Characterization of CHMFL-VEGFR-002 as a high-selective VEGFR2 inhibitor. (A) The anti-proliferative effects of CHMFL-VEGFR2-002 against a panel of kinase transformed BaF3 cells with sunitinib as control. (B) The effects of CHMFL-VEGFR2-002 on auto-phosphorylation of PDGFRs in TEL-PDGFRα/β-BaF3 cells.
Table 1.
Anti-proliferation activity of CHMFL-VEGFR2-002 in BaF3 cell lines.

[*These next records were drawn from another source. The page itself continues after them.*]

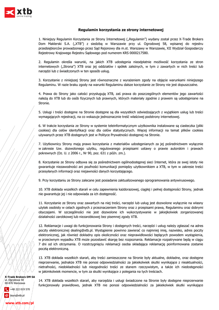 Regulamin korzystania ze strony internetowej 1. Niniejszy Regulamin Korzystania ze Strony Internetowej („Regulamin”) wydany został przez X-Trade Brokers Dom Maklerski S.A. („XTB”) z siedzibą w Warszawie przy ul. Ogrodowej 58, wpisanej do rejestru przedsiębiorców prowadzonego przez Sąd Rejonowy dla m.st. Warszawy w Warszawie, XII Wydział Gospodarczy Rejestrowy Krajowego Rejestru Sądowego pod numerem KRS 0000217580. 2. Regulamin określa warunki, na jakich XTB udostępnia nieodpłatnie możliwość korzystania ze stron internetowych („Strona”) XTB oraz jej oddziałów i spółek zależnych, w tym z zawartych w nich treści lub narzędzi lub z świadczonych w ten sposób usług. 3. Korzystanie z niniejszej Strony jest równoznaczne z wyrażeniem zgody na objęcie warunkami niniejszego Regulaminu. W razie braku zgody na warunki Regulaminu dalsze korzystanie ze Strony nie jest dopuszczalne. 4. Prawa do Strony jako całości przysługują XTB, zaś prawa do poszczególnych elementów jego zawartości należą do XTB lub do osób fizycznych lub prawnych, których materiały zgodnie z prawem są udostępniane na Stronie. 5. Usługi i treści dostępne na Stronie dostępne są dla wszystkich odwiedzających z wyjątkiem usług lub treści wymagających rejestracji, na co wskazuje jednoznacznie treść właściwej podstrony internetowej. 6. W trakcie korzystania ze Strony w systemie teleinformatycznym użytkownika instalowane są ciasteczka (pliki cookies) dla celów identyfikacji oraz dla celów statystycznych. Więcej informacji na temat plików cookies używanych przez XTB dostępnych jest w Polityce Prywatności dostępnej na Stronie. 7. Użytkownicy Strony mają prawo korzystania z materiałów udostępnianych za jej pośrednictwem wyłącznie w zakresie tzw. dozwolonego użytku, regulowanego przepisami ustawy o prawie autorskim i prawach pokrewnych (Dz. U. z 2006 r., Nr 90, poz. 631 z późn. zm.). 8. Korzystanie ze Strony odbywa się za pośrednictwem ogólnodostępnej sieci Internet, która ze swej istoty nie gwarantuje niezawodności ani poufności komunikacji pomiędzy użytkownikiem a XTB, w tym w zakresie treści przesyłanych informacji oraz niejawności danych korzystającego. 9. Przy korzystaniu ze Strony zalecane jest posiadanie zaktualizowanego oprogramowania antywirusowego. 10. XTB dokłada wszelkich starań w celu zapewnienia każdorazowej, ciągłej i pełnej dostępności Strony, jednak nie gwarantuje jej i nie odpowiada za ich dostępność. 11. Korzystanie ze Strony oraz zawartych na niej treści, narzędzi lub usług jest dozwolone wyłącznie na własny użytek osobisty w celach zgodnych z przeznaczeniem Strony oraz z przepisami prawa, Regulaminu oraz dobrymi obyczajami. W szczególności nie jest dozwolone ich wykorzystywanie w jakiejkolwiek zorganizowanej działalności zarobkowej lub niezarobkowej bez pisemnej zgody XTB. 12. Reklamacje i uwagi do funkcjonowania Strony i dostępnych treści, narzędzi i usług należy zgłaszać na adres poczty elektronicznej [email protected]. Wystąpienie powinno zawierać co najmniej imię, nazwisko, adres poczty elektronicznej, jak również dokładny opis okoliczności oraz nieprawidłowości będących powodem wystąpienia, w przeciwnym wypadku XTB może pozostawić skargę bez rozpoznania. Reklamacje rozpatrywane będą w ciągu 7 dni od ich otrzymania. O rozstrzygnięciu reklamacji osoba składająca reklamację poinformowana zostanie pocztą elektroniczną. 13. XTB dokłada wszelkich starań, aby treści zamieszczone na Stronie były aktualne, dokładne, oraz dostępne nieprzerwanie, jednakże XTB nie ponosi odpowiedzialności za jakiekolwiek skutki wynikające z nieaktualności, nietrafności, niedokładności lub niezgodności treści ze stanem rzeczywistym, a także ich niedostępności w jakimkolwiek momencie, w tym za skutki wynikające z polegania na tych treściach. X-Trade Brokers DM SA ul. Ogrodowa 58 00-876 Warszawa +48 222 019 570 [email protected] www.xtb.com/pl 14. XTB dokłada wszelkich starań, aby narzędzia i usługi świadczone na Stronie były dostępne nieprzerwanie funkcjonowały prawidłowo, jednak XTB nie ponosi odpowiedzialności za jakiekolwiek skutki wynikające z nieprawidłowego ich działania lub niedostępności w jakimkolwiek momencie, w tym skutki wynikające z posługiwania się narzędziami i usługami. 15. XTB dokłada wszelkich starań, aby Strona była wolne od złośliwego oprogramowania, jednak XTB nie ponosi odpowiedzialności za skutki korzystania ze stron w systemie teleinformatycznym korzystającego, w tym infrastrukturze technicznej i danych. 16. XTB nie ponosi odpowiedzialności za prawidłowość działania operatorów zapewniających łączność ze Stroną zarówno po stronie XTB i osób korzystających ze Strony. 17. XTB nie ponosi odpowiedzialności za skutki nieprawidłowego korzystania ze Stron, w tym za skutki blokady lub anulowania rejestracji przez XTB. 18. XTB nie ponosi odpowiedzialności za prawne, finansowe i jakiekolwiek inne konsekwencje użycia przez użytkownika informacji zamieszczonych na Stronie. XTB nie odpowiada za szkody lub straty użytkownika lub osób trzecich związane w jakikolwiek sposób z wykorzystaniem tych informacji, w tym do podjęcia decyzji w indywidualnej sprawie. Korzystanie przez użytkownika ze Strony odbywa się na jego własne ryzyko. 19. XTB jest uprawniony do zmiany Regulaminu w każdym momencie. Zmiana Regulaminu nie wymaga uprzedzenia i wchodzi w życie z momentem publikacji nowej wersji Regulaminu na Stronie. O zmianach Regulaminu XTB informuje przez ogłoszenie nowego Regulaminu na Stronie w zakładce „Nowości w XTB” oraz Regulacje podstrona „Zarządzenia”. W przypadku braku zgody na zmianę Regulaminu dalsze korzystanie ze Strony nie jest dopuszczalne. 20. XTB może w każdym momencie zmienić zakres lub rodzaj treści dostępnych na Stronie, a także rozszerzyć, zmienić, ograniczyć lub zaprzestać ofero
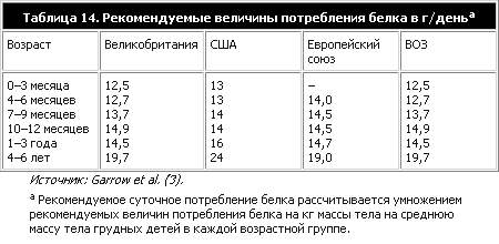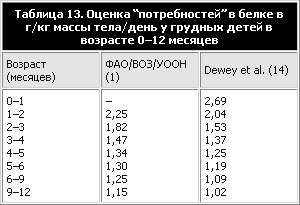 Рекомендации 1985 г. в отношении потребностей в белке детей до 6 месяцев (1) были основаны на данных о потреблении по детям, находящимся на грудном вскармливании. Был сделан вывод о том, что потребности в белке детей до 6 месяцев будут полностью удовлетворяться, если удовлетворяются потребности в энергии и получаемая ими пища содержит белки, которые по количеству и качеству эквивалентны белкам, содержащимся в грудном молоке. Не все белки в грудном молоке являются “питательными”, так как некоторые функциональные белки – такие, как секреторный IgA – встречаются в стуле. Тем не менее, хотя потребности в белке на единицу массы тела у грудных детей больше, чем у любой другой возрастной группы, азот в грудном молоке характеризуется высокой биологической доступностью и хорошо усваивается, и этому соответствует высокое потребление энергии на единицу массы тела. Эта концепция может быть проиллюстрирована на примере потребностей в энергии и белке трехмесячного ребенка. Грудное молоко идеально адаптировано к потребностям грудного ребенка и содержит относительно мало белков по сравнению с коровьим молоком. В возрасте 3 месяцев на долю потребляемых белков приходится приблизительно 5–6% общего потребления энергии, по сравнению примерно с 10–15% у взрослых. Однако при среднем потреблении грудного молока около 800 мл в день потребности в белке (которые оцениваются в 1,4 г/кг массы тела) будут удовлетворены. Таблица 13 показывает, что оценка потребностей в белке у грудных детей в возрасте 2–5 месяцев, сделанная в 1985 году (1), была на 7–19% выше, чем количества, потребляемые детьми на исключительно грудном вскармливании, оценка которых была сделана в исследовании Dewey et al. (14). Наиболее вероятным объяснением этой разницы является то, что в 1985 г. потребности в белке были завышены. В оценке средней потребности в белке 1985 г. был использован модифицированный факторный подход, основанный на оценке потребностей в азоте для обеспечения жизнедеятельности и для физического развития, которые у детей до 2 лет составляют значительный процент. Достоверность этих оценок ограничивается недостатком данных и зависимостью от некоторых исходных допущений, и поэтому нужны дополнительные подтверждения, на которых можно было бы основывать достоверные оценки безопасного уровня потребления белков детьми, особенно в критический период ускоренного физического развития в первые 12 месяцев. За отсутствием подтверждения прямым экспериментированием, потребности в белке основываются на оценке такого количества потребляемых белков, которое удовлетворяло бы средние потребности; после этого устанавливается безопасный уровень на два стандартных отклонения выше этого количества, чтобы обеспечить удовлетворение потребностей огромного большинства грудных детей. Оценки безопасных потребностей в белке у детей от 0 до 12 месяцев показаны в таблице 13. На этих оценках потребностей основаны национальные и международные рекомендации (таблица 14). Старые советские “физиологические нормы” для белка были значительно выше (в некоторых случаях более чем в три раза), чем уровни, рекомендуемые международными комитетами экспертов. В результате этого при исследованиях по изучению достаточности потребления белков в бывших советских республиках может быть сделан ошибочный вывод о том, ч
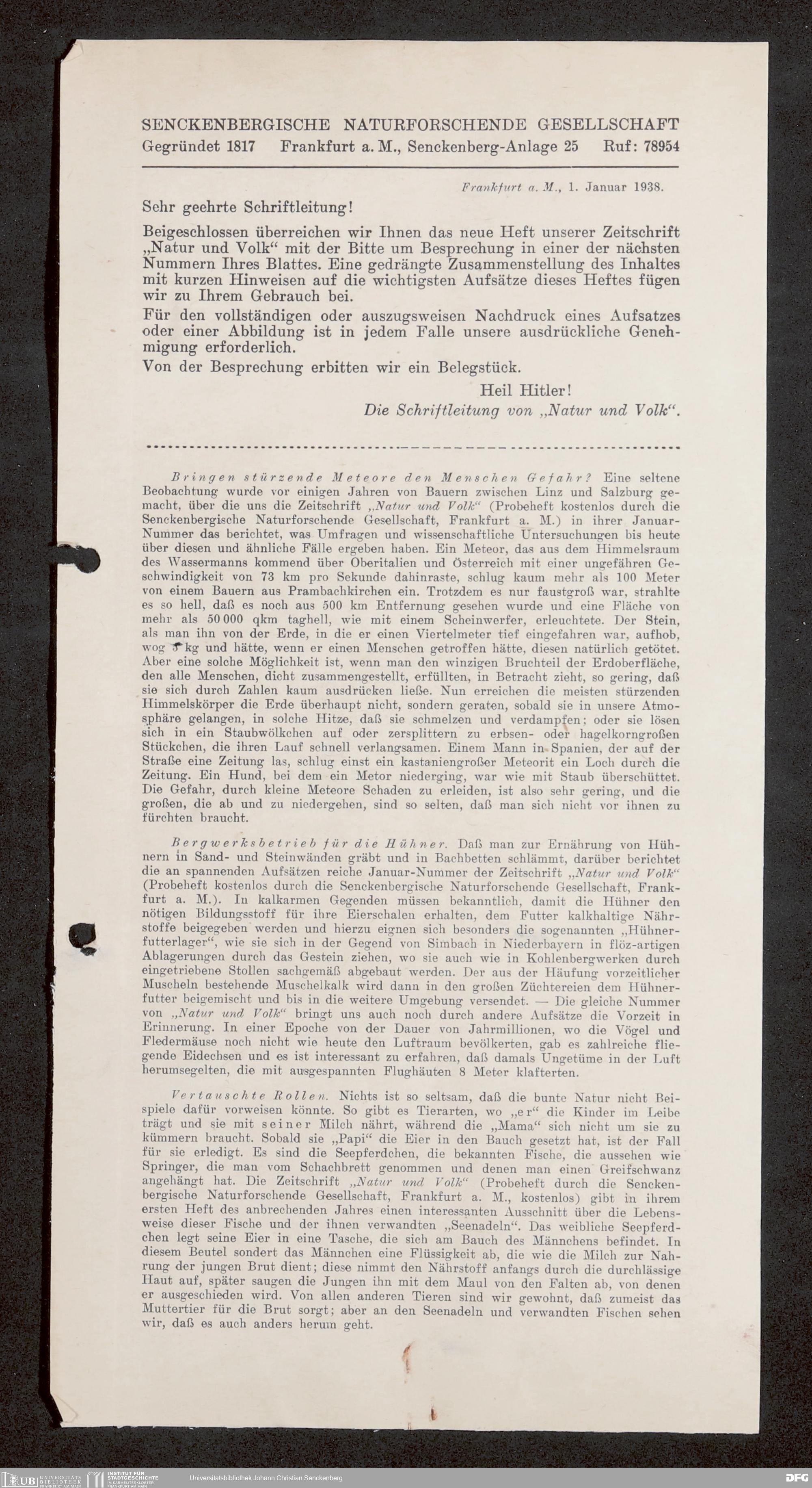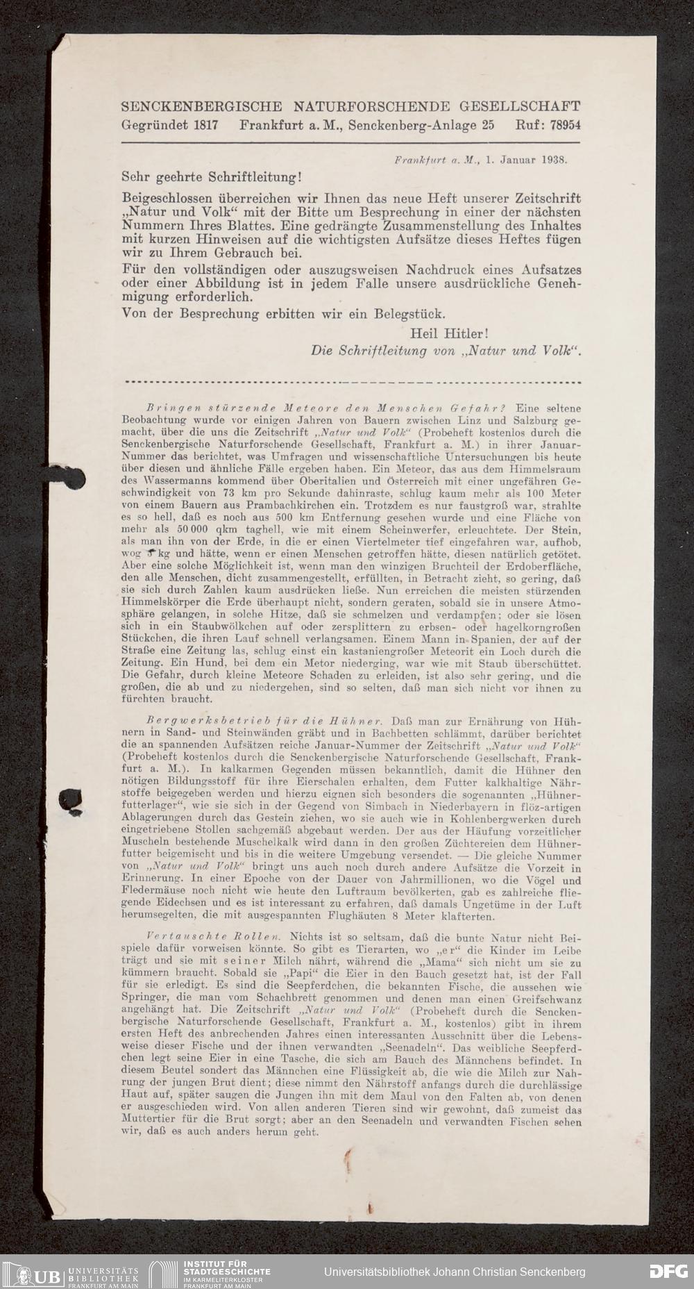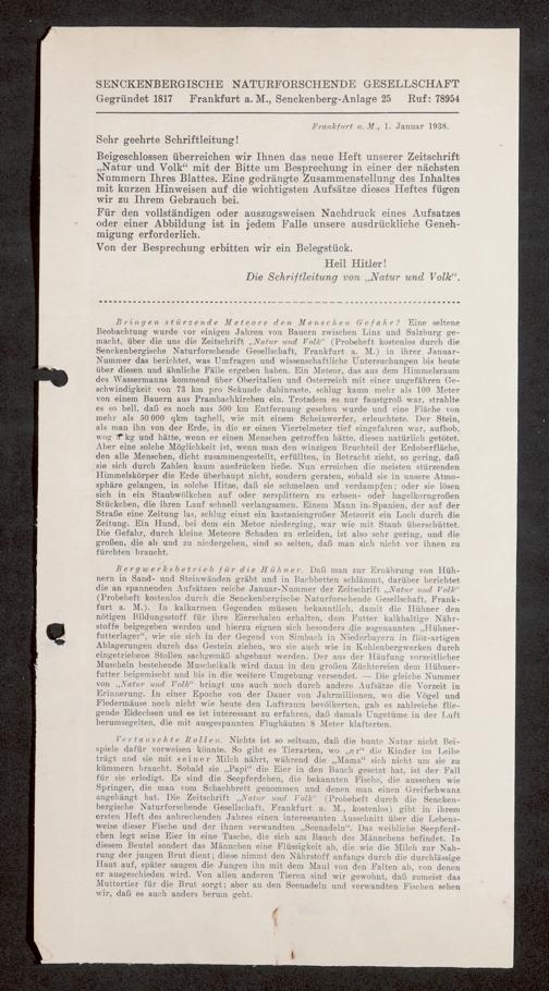 V176 Senckenberg Gesellschaft für Naturforschung, 647 - Rezensionen zu "Natur und Museum" bzw. "Natur und Volk"

| Cell line | GI50 (nmol/L) |
Cell line | GI50 (nmol/L) |
||
|---|---|---|---|---|---|
| CHMFL-VEGFR2-002 | Sunitinib | CHMFL-VEGFR2-002 | Sunitinib | ||
| BaF3 | >10,000 | 2560 | TEL-FLT3-BaF3 | >10,000 | 32 |
| TEL-VEGFR2-BaF3 | 150 | 5 | TEL-BMX-BaF3 | >10,000 | 3020 |
| TEL-PDGFRa-BaF3 | 620 | 1 | BCR-DDR2-BaF3 | >10,000 | NA |
| TEL-PDGFRb-BaF3 | 618 | <1 | TEL-EPHA1-BaF3 | >10,000 | 3210 |
| TEL-VEGFR1-BaF3 | 9900 | 350 | TEL-EPHA2-BaF3 | >10,000 | 1270 |
| TEL-VEGFR3-BaF3 | >10,000 | 570 | TEL-CSF1R-BaF3 | >10,000 | 11 |
| TEL-cKIT-BaF3 | >10,000 | 81 | TEL-FGFR1-BaF3 | >10,000 | 1680 |
| TEL-RET-BaF3 | >10,000 | 110 | TEL-FGFR2-BaF3 | >10,000 | 4 |
| TEL-ABL-BaF3 | >10,000 | 1550 | TEL-FGFR3-BaF3 | >10,000 | 370 |
| P210-BaF3 | >10,000 | 1460 | TEL-FGFR4-BaF3 | >10,000 | 2820 |
2.3. CHMFL-VEGFR2-002 inhibited VEGF-induced angiogenesis in vitro
HUVEC is commonly used as a cell model for angiogenesis study. To see if our compound could inhibit VEGFR2 kinase activity, we treated HUVEC cells with CHMFL-VEGFR2-002, and the results showed that VEGFR2 was phosphorylated in the DMSO group and 0.3 μmol/L of CHMFL-VEGFR2-002 diminished VEGFR2 phosphorylation (Fig. 3A). The results from in vitro capillary tube formation showed that, compared with the intense capillary tube networks formed by HUVEC plated onto BD Matrigel in the control group, treatment of the cells with CHMFL-VEGFR2-002 at 3 μmol/L induced significant reduction in the total branch lengths of tubular network structures and the formation of new tubes decreased in a concentration-dependent manner (Fig. 3B).
Figure 3.
Anti-angiogenesis effect of CHMFL-VEGFR2-002 in vitro. (A) CHMFL-VEGFR2-002 inhibited phosphorylation of VEGFR2 in HUVEC cells. (B) CHMFL-VEGFR2-002 impaired capillary tube formation of HUVEC cells. HUVECs were plated on Matrigel with DMSO or various concentrations of compounds. After 24 h, tubes were photographed and measured. (C) CHMFL-VEGFR2-002 inhibited HUVEC invasion in transwell assay. 5 × 104 HUVECs were seeded in the top chamber with various concentrations of compounds. After 24 h, the invaded HUVEC cells were photographed and counted. (D) CHMFL-VEGFR2-002 inhibited HUVEC cell migration in wound healing assay. CHMFL-VEGFR2-002 group is compared with DMSO group, and significance of difference is indicated. The distance of migration is measured by ImageJ. Data are mean±SD (n=3). *P < 0.05, **P < 0.01, ***P < 0.001 versus control treatment.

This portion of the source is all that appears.